Он промолчал, не замечая моего юмора. Мне показалось даже, что он к чему-то готовится. Так и есть, усы его зашевелились еще сильнее, а голова затряслась, он резко шагнул ко мне и перекрестил меня:
- Спаси вас Господи и сохрани! И сподоби найти слово сильное и крепкое, чтоб защитить мое имущество и возместить все пропажи. И пусть не обойдет вас удача и добрые люди.
Он наклонился ко мне, как к ребенку, и поцеловал в голову. Я немного удивился, но скоро пришел в себя. Мой гость собирался. В ногах у него путался и пищал котенок, он поднял его и посадил на плечо. Рыжик сразу успокоился.
- А теперь прощайте, коллега. Мы отплываем... - Это были его последние слова в моем доме. Сказав их, он направился к двери.
Я его не задерживал. Я слышал, как он осторожно, как бы крадучись спускался с крыльца, а потом его ботинки прошаркали по ограде. И снова Дозор не вышел из конуры и не залаял. А почему не залаял - это тайна, которую мне уже не разгадать никогда...

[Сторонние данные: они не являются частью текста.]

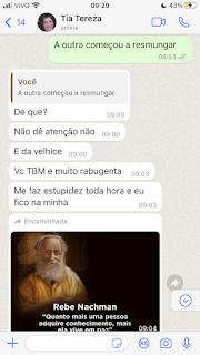Aparecida me contou que minha tia Mercedes mandou msg questionando ela .. o comentário em uma foto minha do almoço tenebroso aquele dia .. é mole ??? Graças a Deus que aparecida sabe lidar com ela e gosta muito de minha tia .. aí releva ela ! Minha tia Mercedes é muito difícil !!!!! Tava conversando com ela sobre as lamúrias e difícil convivência! Ela disse q vai tentar achar um homem p minha tia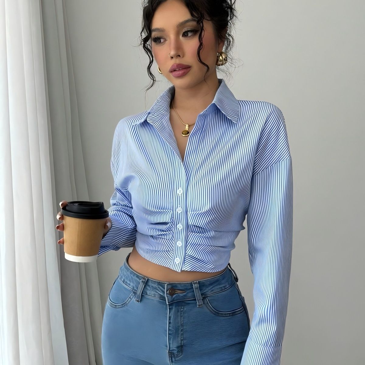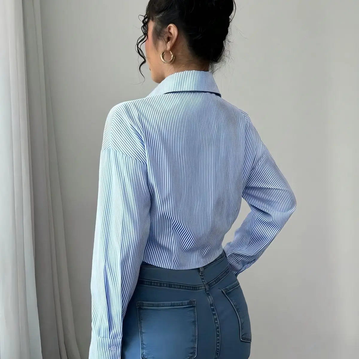 Cross-Border Amazon Fashion Versatile Elegant Striped Shirt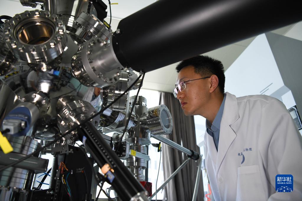 6月28日,在中科院合肥物質科學研究院強磁場科學中心實驗室,郝林在檢查真空中的樣品及等離子體羽輝情況。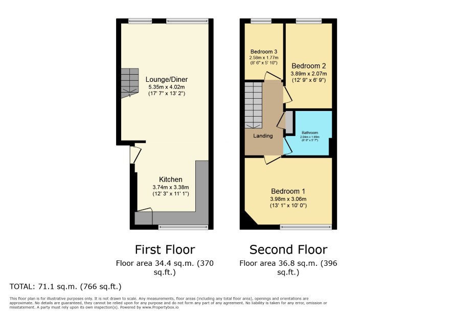 GROUND FLOOR Store cupboard Stairs leading to: FIRST FLOOR Kitchen area: 12 ft 7 in x 11 ft 4 in Lounge area: 17 ft 8 in x 13 ft 5 in SECOND FLOOR Bedroom1: 13 ft 5 in x 10 ft 3 in Bedroom 2: 13 ft 2 in x 7 ft 2 in Bedroom 3: 9 ft 1 in x 5 ft 11 in Bathroom: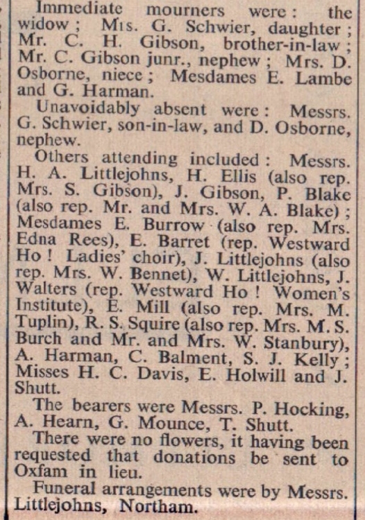 The funeral of ex-Police Sergeant Ernest Victor Barnacott, who served in Devon Constabulary, took place at Abbotsham Parish Church. Mr Barnacott, who was 72 and a widower, lived at Homesworthy, 9 Northdown Road, Bideford. He was a member of an Abbotsham family and his father had been a policeman there. The Vicar of Abbotsham, Rev E G Bevan, officiated and interment took place in Hatherleigh churchyard.

А через час я и сам вышел на улицу и бесцельно пошел по деревне. Улица была пустая, как будто все вымерло. Август, а парит, как в Сахаре. Наконец на самом краю деревни я увидел человека. Это была моя соседка тетя Гутя. Она как-то отстраненно взглянула на меня, покачала головой и даже не поздоровалась. Странно, даже забавно. Обычно всегда, встречаясь со мной, она что-то выспрашивала, рассказывала, а теперь замкнулась, не подошла. А может, она шла сейчас с кладбища? она часто туда ходит, на могилку к сестре. Вот и сегодня, видно, была там и сейчас загрустила, задумалась... Я поднялся на высокий пригорок и повернулся направо - там вдали белели березы, а между ними темнели кресты. Я смотрел на кресты, а мои губы что-то шептали. А что шептали - не знал я, не понимал, точно это не я стоял сейчас на пригорке, а кто-то другой, незнакомый, чужой человек. А потом в душе поднялась вина. Но почему? Отчего? А вина поднималась все выше и выше, и вот уже встала в горле, как наказание. И сразу голос возник, знакомый до боли, до спазмы: "Ты могилку-то разыскал деда Василия?.. ну что молчишь, разыскал?.." Но сразу же пропал этот голос, как будто приснился. И я двинулся дальше.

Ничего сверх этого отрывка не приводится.